Хрусть. Хрусть-хрусть-хрусть.
Я очнулся, огляделся вокруг и понял, что стою посреди футбольного поля, а рядом на снегу лежит Цезарь и грызет здоровенную палку. Черт, совсем забыл, зачем и куда шел, стоило про Даньку подумать. Я отобрал у пса палку и закинул ее в сугроб. Цезарь рванул следом, покопался в снегу, но добычу не нашел.
— Ну ты и лох, — рассмеялся я, шлепая по снегу до нужного места.
Зарылся в него на пару с прискакавшим на помощь Цезарем, откопал палку одновременно с ним и вступил в кровопролитную схватку, барахтаясь в сугробе то пузом, то лицом, то задницей. Пес не отставал: кусал то палку, то меня за то, что торчало из сугроба; лизал мне моську и топил в снегу, прыгая по моей спине или животу.
— Лекс?! Цезарь, ты сдурел? Слезь с него! Утопишь же!
Мы с Цезарем прекратили возню, переглянулись и рванули к стоящему на тропинке Даньке наперегонки. Он понял, что ему и его очередному гламурному прикиду пришел пиздец, слишком поздно.
— Нет. Нет-нет-нет! — заорал Данька и побежал к едва видимым в пелене снега фонарям со всех ног, обутых в итальянские недоботинки. — Не трогайте меня, маньяки!
— Врешь, не уйдешь! — выбрался на тропинку я. — Цезарь, мочи интеллигенцию! Да здравствует власть пролетариата!
Данька бежал очень быстро, видать, жалко ему было свою одежку, но разве от Цезаря уйдешь? Он догнал его на очередном повороте и нырнул в ноги, делая удивительную по красоте подсечку. Данька рухнул в сугроб лицом, и я его догнал.
— Псина, тьфу, отвали от меня! — встал на колени парень, отмахиваясь от скачущего вокруг Цезаря.
Такой красивый в облепившем его с ног до головы снеге, что я упал на колени напротив, стянул перчатку и обхватил холодный подбородок ладонью.
— Лекс? Ты в порядке? — приложил руку в перчатке к моей щеке Данька. — Я пришел домой, а тебя нет. Знаешь, как я испугался! Звоню, а ты трубку не берешь.
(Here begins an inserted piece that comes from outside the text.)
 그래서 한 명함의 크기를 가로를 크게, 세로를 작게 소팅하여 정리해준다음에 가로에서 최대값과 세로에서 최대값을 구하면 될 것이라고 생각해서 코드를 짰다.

— Я просто гулял, — сказал я и легко поцеловал его в губы. — Снег идет, понимаешь?
— Нет, не понимаю, — обнял меня он, завалил в сугроб спиной и улегся сверху. — Объясни, что с тобой происходит.
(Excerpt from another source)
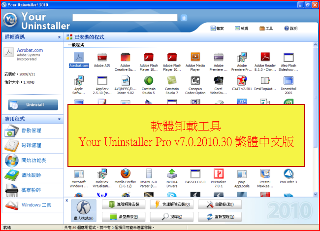 軟體卸載工具-Your Uninstaller Pro v7.0.2010.30 繁體中文版

— Со мной происходишь ты, Данька. Я в тебе тону.
— Подо мной тонешь, ты хотел сказать? — заулыбался он.
У меня аж сердце сжалось. Опять он за свое! Нельзя же так. Нельзя! Я убрал с его волос снежинки и позволил себе быть слабым:
— Нет. В тебе тону. В твоем теле, в твоей душе и в твоей жизни.
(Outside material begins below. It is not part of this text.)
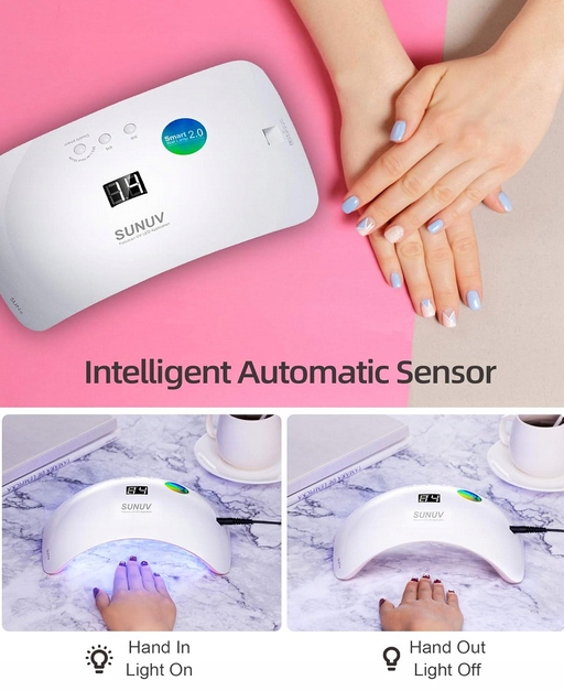 - Соглашение большинства гелевых лаков: световые шарики Sunuv принимают двойную длину оптической волны (365 нм + 405 нм), благодаря которой они работают со всеми гель -светодиодными лаками для ногтей, полосками для ногтей с гель -лаком, гель -лаками для ногтей и ультрафиолетовой смолой.

— Это же хорошо, — потерся о мой нос своим Данька. Таким холодным!
Я поцеловал его в губы, ускоряя кровь, отпихнул Цезаря и выбрался из сугроба. Не стал стряхивать с Даньки снег и потащил нас домой, прикидывая по ходу дела, насколько нужно сократить тренировки, чтобы у меня оставались силы на секс и на моего ангела, который переживал не по делу слишком сильно.
— Лекс, — остановил меня под последним фонарем перед выходом из парка Данька. — Ты не ответил. То, что происходит, это же хорошо?
— И даже лучше, — улыбнулся я.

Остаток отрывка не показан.